Эрцгерцог Фридрих заслуживает высочайшей похвалы за то, что сохранил дружественные отношения между Веной и Берлином. Улаживать деликатные вопросы, касающиеся ведения войны, без того, чтобы кого-то задеть, было не всегда легко. Честный и прямой характер эрцгерцога и его неизменно дружелюбное и скромное поведение спасли не одну трудную ситуацию.

После нашего краха и крушения, когда имперскую семью можно было оскорблять безнаказанно, некоторые газеты с наслаждением засыпали эрцгерцога Фридриха бранью. Это оставляло его совершенно равнодушным. Принц обладает выдающимся характером, безупречной честностью и всегда готов пресечь злоупотребления. Он предотвратил множество бедствий, и не его вина, если это удавалось ему не каждый раз.

Когда я вновь увидел кронпринца Вильгельма после нескольких лет разлуки, летом 1917 года, он показался мне очень уставшим от войны и страстно желающим мира. Я отправился на французский фронт специально для того, чтобы встретиться с ним и попытаться через него оказать какое-то примирительное давление, прежде всего на военных лидеров. Продолжительная беседа, которую я провел с ним, ясно показала мне, что он — если когда-либо и был воинственного склада — к тому времени являлся убежденным пацифистом.

Отрывок из моего дневника.

«На Западном фронте, 1917 год. Мы поехали в Камп-де-Ромен, но по отдельности, чтобы не привлекать внимание вражеской артиллерии к нашим машинам, так как местами дорога просматривалась противником. Я ехал вместе с Бетманом. Рассуждая о военачальниках, он заметил: „Генералы, пожалуй, станут бросать в меня ручные гранаты, когда увидят“».
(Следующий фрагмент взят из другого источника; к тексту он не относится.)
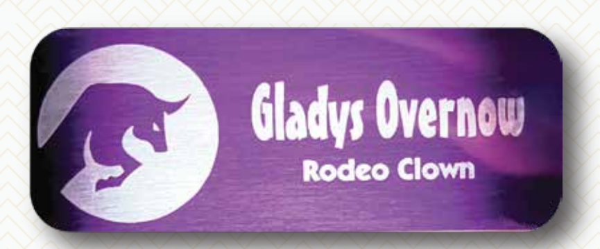
104AL - Laser Engraved Aluminum Badge Purple/Silver

These eye-catching badges put your logo on a bright background and the silver engraving is SURE TO ATTRACT ATTENTION FROM EVERYONE.
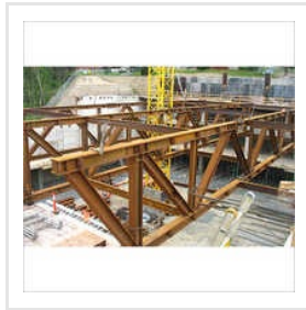
Heavy Steel Fabrication Service
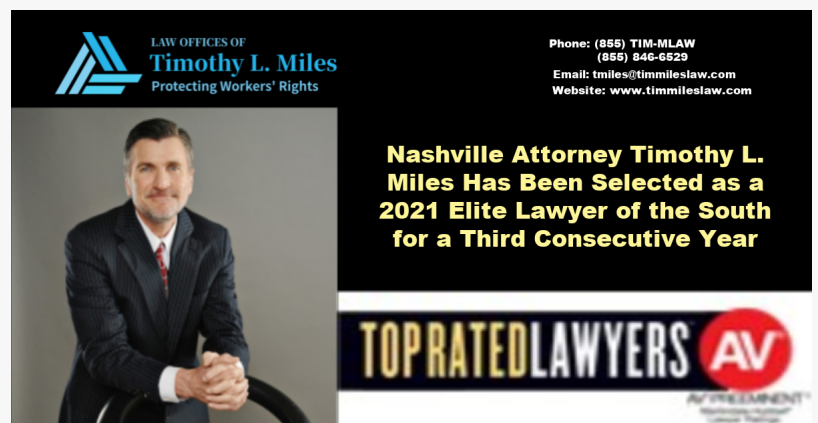
Nationally Recognized Shareholder Rights Attorney
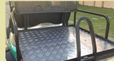
Rear flip seat with diamond plated aluminum and 350 lb payload capacity
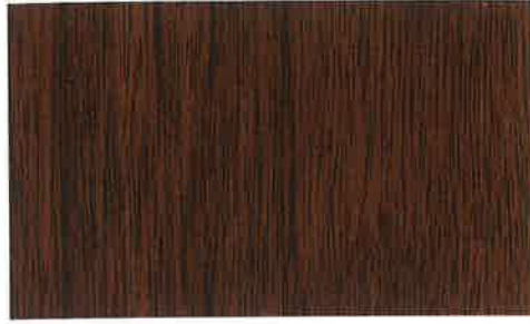
Mission Oak on Cherry

«Вражеский аэроплан барражировал высоко в облаках над нашими головами. Он описывал круги, обращая мало внимания на шрапнель, разрывавшуюся со всех сторон. Стрельба смолкла, и небесная птица взмыла в недосягаемые выси. Артиллерийский огонь издалека доносился подобно отдаленному грому».
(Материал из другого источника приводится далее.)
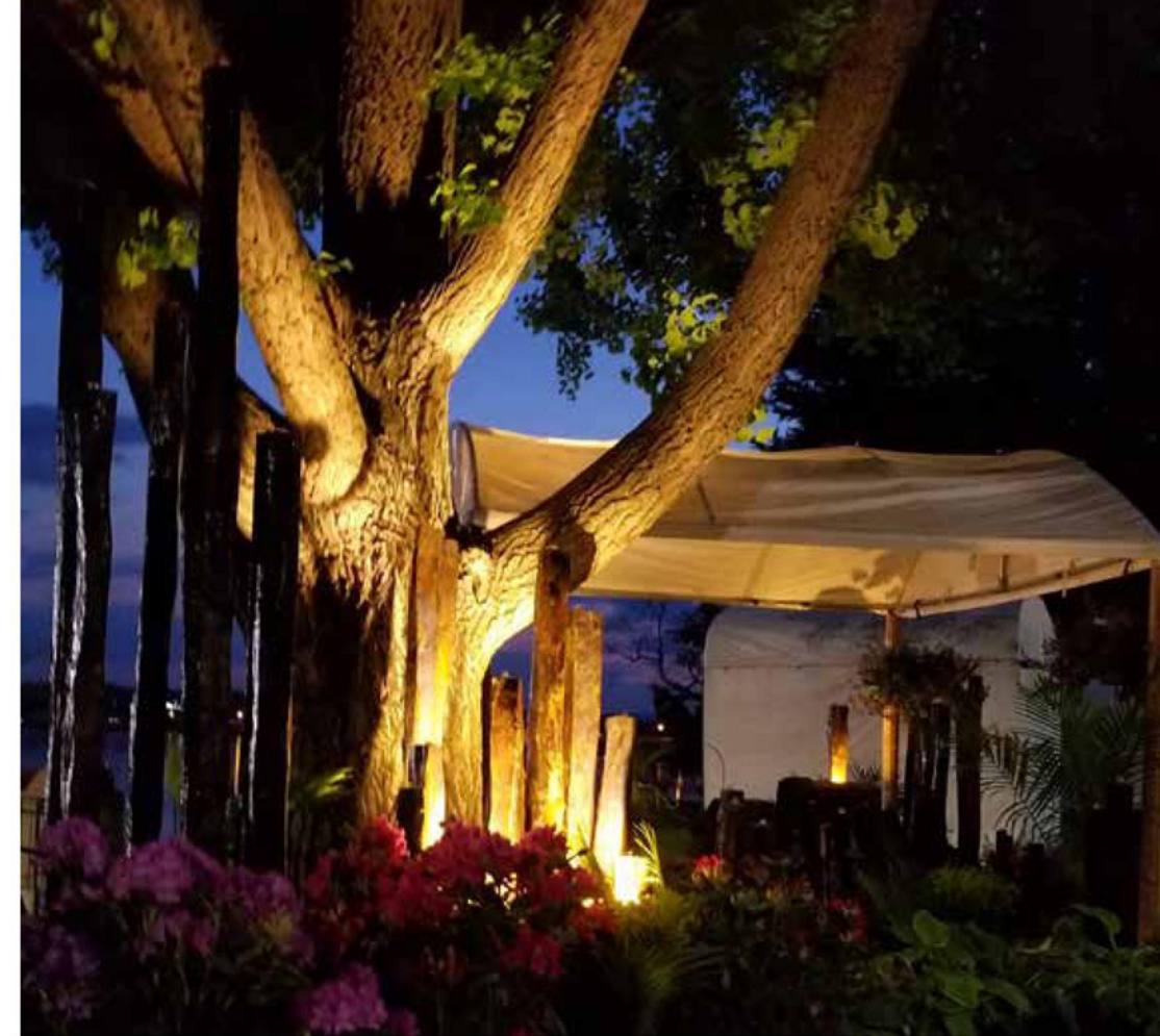
Igneous Rock Gallery Stone Fountains' 2018 Harrisburg Artsfest Display

Life is typically hectic, and moments of true relaxation are fleeting. When it comes time to unwind, you should
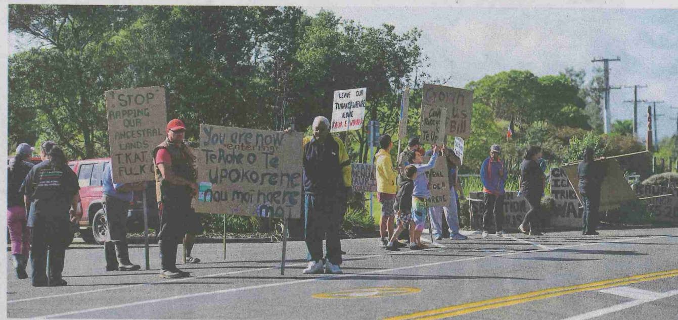
PROTEST: Members of Te Upokorehe protest the Te Urewera-Tuhoe Bill in Ohope in May.

Mr Finlayson has reacted by saying while he agreed with the court's jurisdictional error finding, the Waitangi Tribunal was correct when it found no
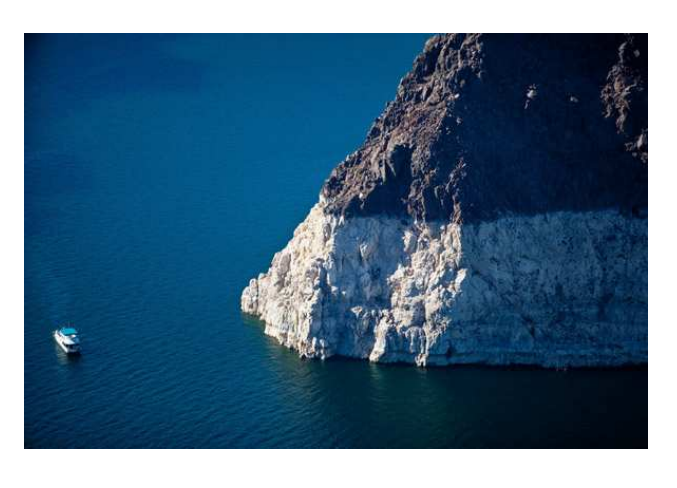
4) A houseboat gives scale to a 100-foot bathtub ring which shows the depleted water supply of Lake Mead. Kingman North, Arizona
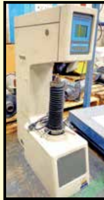
LECO DIGITAL HARDNESS TESTERS
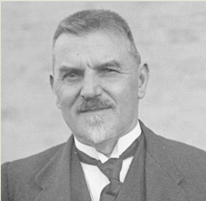
Sir Arnold Theiler, c. 1920 (1867-1936), Director of Onderstepoort Veterinary Research Laboratory (1908-1927) and first Dean of the Faculty of Veterinary Science (1920-1927).
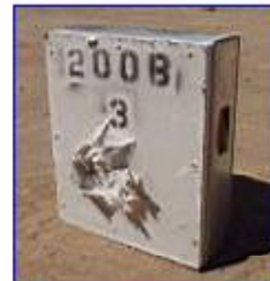
Sample 3 Pretest Impact Side Sample 3 Pretest Rear Side Sample 3 Posttest Impact Side Sample 3 Posttest Rear Side
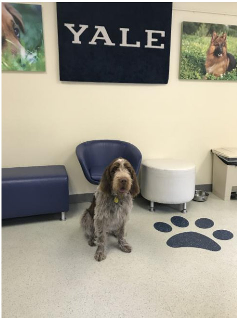
Veloce is continuing to do therapy visits and now has 50 visits. He has earned his second major at the Springfield Kennel Club show.
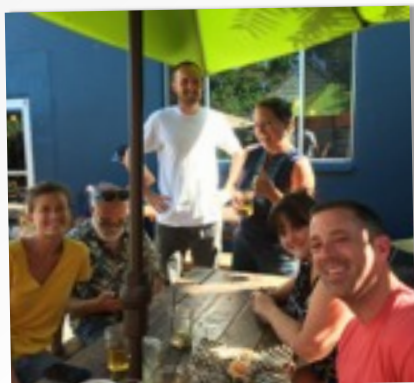
JULY PUB NIGHT

«Французские линии находятся не более чем в двухстах метрах от лагеря. Кое-где падал снаряд и был слышен свист пуль; в остальном все было тихо. Было еще рано. Стрельба обычно начинается в десять и прекращается в полдень — перерыв на обед — и возобновляется во второй половине дня».

«На горизонте в зеленом пейзаже видна вилла Пуанкаре. На дом навели орудие — они намерены уничтожить его перед уходом, — это называют соборованием».

«Ежедневная артиллерийская дуэль началась на нашем обратном пути и не смолкала в непрерывном грохоте».

Сен-Миель.

«Мы остановились в Сен-Миеле, где все еще остается много французов. Их задержали в качестве заложников, чтобы предотвратить обстрел города. Люди стояли на улицах и смотрели на проезжающие машины».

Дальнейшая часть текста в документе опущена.